British courts, lawyers and legal academics

The references by British courts made an important contribution to the development of the rules on free movement of Union citizens. A quarter of all CJEU judgments in that field in 2008-2019 were given in answer to preliminary references by British judges. Especially, their questions concerning the right of permanent residence provide for in Directive 2004/38 (Dias, Alarape, Onuekwere and Lounes, discussed here) and on the admission of durable but unregistered partners of Union citizens (Rahman, Banger and S.M., discussed here) have produced some clarity and focus attention in several Member States on their rights. A bill implementing the last three judgments is currently pending in the German Bundestag.
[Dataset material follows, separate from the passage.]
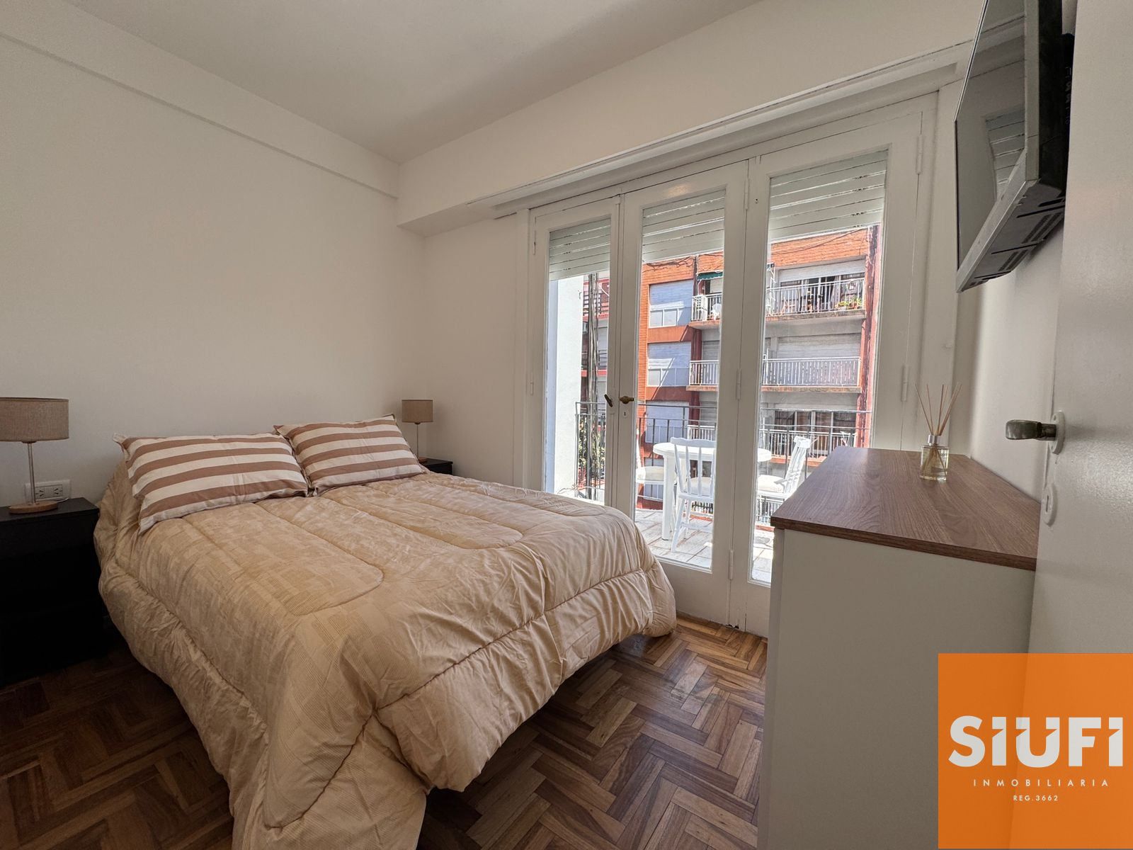 Dormitorio externo con salida a balcón corrido.

Almost half of the judgments of the Court of Justice concerning the rights of third-country national family members of EU citizens were given in answer to questions from British courts (V. Passalacqua, Legal mobilisation and the construction of EU migration law, Florence 2020, diss EUI, p. 8).  
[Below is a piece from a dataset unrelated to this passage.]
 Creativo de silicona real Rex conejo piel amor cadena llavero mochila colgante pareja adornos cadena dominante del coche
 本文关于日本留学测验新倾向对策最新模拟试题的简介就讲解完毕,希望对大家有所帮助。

Many of those questions originated in the minds of active UK lawyers, supported by their Immigration Law Practitioners’ Association (ILPA). Their activities also resulted in the provision on self-employed Turkish citizens in the EEC-Turkey association law were taken seriously (in Savas, Tum & Dari and Tural Oguz) by the Court and, subsequently in Member States. The AIRE Centre (Advice on Individual Rights in Europa) demonstrated how an NGO can stimulate test cases in Luxembourg. Since 1993, this London based organisation provided legal assistance and acted as party, intervenor or amicus curiae in more than hundred cases on human rights or migration before both European courts (for instance, the AIRE Centre acted as amicus curiae in the case on the border gate around Melilla, which resulted in ECtHR 13 February 2020, app. 8675/15 (N.D. and N.T. v. Spain), see point 100 and 160-163), and among those are ten cases before the Court of Justice on free movement or on Dublin since 2010.

Leading handbooks on EU migration law or on the EU Charter of Fundamental Rights written or edited by UK academics such as Cathryn Costello, Elspeth Guild and Steve Peers, will be gratefully used by lawyers and judges in the EU long after Brexit. The influence of almost five decades of membership of the same legal order cannot be brushed away, however gladly some politician would desire.

The greater the scope of the level playing field agreed in the future agreements between the EU and the UK, the greater the chance that EU law will remain a voluntary or compulsory subject at British law faculties, if only because people, businesses and institutions in the UK will continue to have to deal EU law rules. It will be for the lawyers in the remaining Member States to honour and profit from the contributions of their British colleagues, until the time is right for a new rapprochement.